Die Lage in der Sierra de La Macarena in Kolumbien ist trotz des 2016 unterzeichneten Friedensvertrags angespannt. Die Konflikte zwischen FARC und der kolumbianischen Regierung halten an. Trotz der unübersichtlichen Lage setzen einige Kleinbäuerinnen und -bauern alles daran, die wertvolle Ökoregion zu erhalten. Mit dem Anbau heimischer Pflanzen wollen sie das Ökosystem dort wiederherstellen. Wo früher Koka-Labore waren, wachsen heute wieder einheimische Arten.

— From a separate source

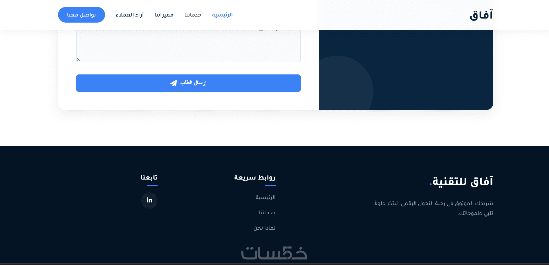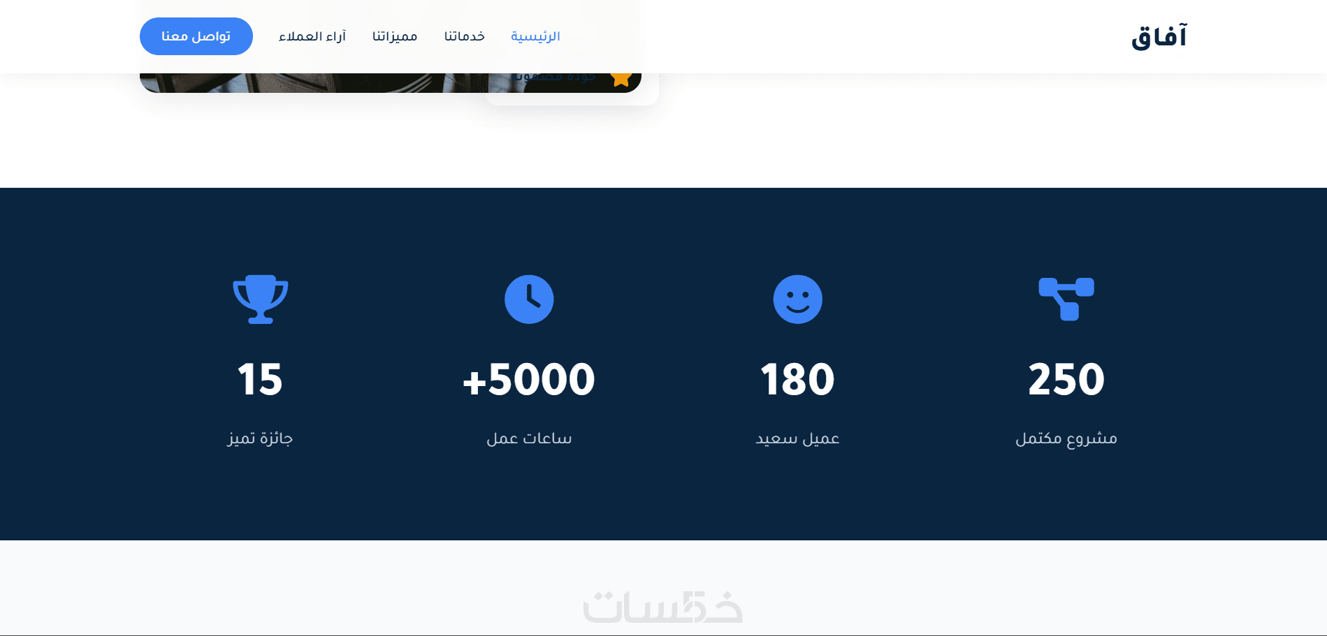 أقدم لك خدمة تصميم وتطوير Landing Page حديثة وجذابة مستوحاة من تصميم موقع “آفاق للتقنية”، تُظهر مشروعك بأسلوب احترافي وتعرض خدماتك بطريقة واضحة ومقنعة. الصفحة مصممة لتحقيق هدف واحد واضح وهو زيادة التفاعل مع عملائك ورفع معدلات التحويل

Brücke im Naturpark Sierra de la Macarena © Laura Valencia / WWF Colombia
Brücke im Naturpark Sierra de la Macarena © Laura Valencia / WWF Colombia

Im Nationalpark Sierra de La Macarena treffen die Anden, der Orinoquia und der Amazonas aufeinander. In dieser außergewöhnlichen Mischung an Ökosystemen finden sich tropische Regenwälder, Feuchtgebiete und Buschlandschaften. Hier fließt auch der Caño Cristales – ein Fluss, der oft als schönster Fluss der Welt bezeichnet wird. In der Sierra de La Macarena wachsen wertvolle Baumarten, hier streifen so ikonische Arten wie Jaguar und Tapir durch die Wälder und Ebenen.  

So schön und wertvoll diese Region auch ist, mehr als 50 Jahre lang war sie Schauplatz blutiger Auseinandersetzungen zwischen der ehemaligen FARC-EP-Guerilla und der kolumbianischen Regierung. Viel Land befand sich in den Händen einiger Weniger, es wurde intensive Viehzucht betrieben, Wälder wurden abgeholzt und Koka angebaut. Die Hoffnung war groß, dass sich das Land mit der Unterzeichnung des Friedensabkommens im Jahr 2016 beruhigt. Doch leider haben sich die Konflikte wieder verschärft.  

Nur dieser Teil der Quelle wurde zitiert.